Statistics for Data Analysis Coursework 2
Hello, dear friend, you can consult us at any time if you have any questions, add WeChat: daixieit
Coursework 2
Statistics for Data Analysis
2021/2022
1. The dataset used for this question is from 97 men with prostate cancer who were due to receive a radical prostatectomy. Before proceeding with the operations the doctors wanted to find out how a prostate specific antigen is affected by the other variables measured in the study. Table 1 displays each variable together with a detailed description.
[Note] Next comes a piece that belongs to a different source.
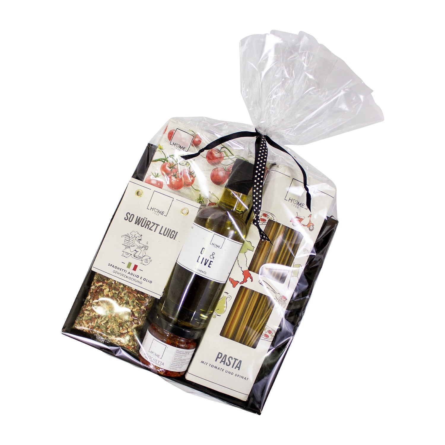 Inhalt: "So würzt Luigi" Spaghetti aglio e olio Gewürzmischung 70g, "O & Live" Natives Olivenöl extra Italien 0,2l, Bruschetta Brotaufstrich 90g, Spaghetti Tricolore (ohne Ei) 500g, Servietten "Tomatoes"

Table 2 displays the variance inflation factor for each predictor.
Acronym |
Decription |
lcavol lweight age lbph svi lcp gleason pgg45 lpsa |
log(cancer volume) log(prostate weight) age of patient log(benign prostatic hyperplasia amount) seminal vesicle invasion (1 for having the invasion, 0 otherwise) log(capsular penetration) Gleason rank (6, 7, 8, 9) combined percentage of Gleason patterns 4 or 5 log(prostate specific antigen) |
Table 1: Prostate data: Description of the variables
lweight |
age |
lbph |
svi |
lcp |
gleason |
pgg45 |
|
2.05 |
1.36 |
1.32 |
1.37 |
1.95 |
3.10 |
2.47 |
2.97 |
Table 2: Prostate Data - Variance Inflation Factors (VIF)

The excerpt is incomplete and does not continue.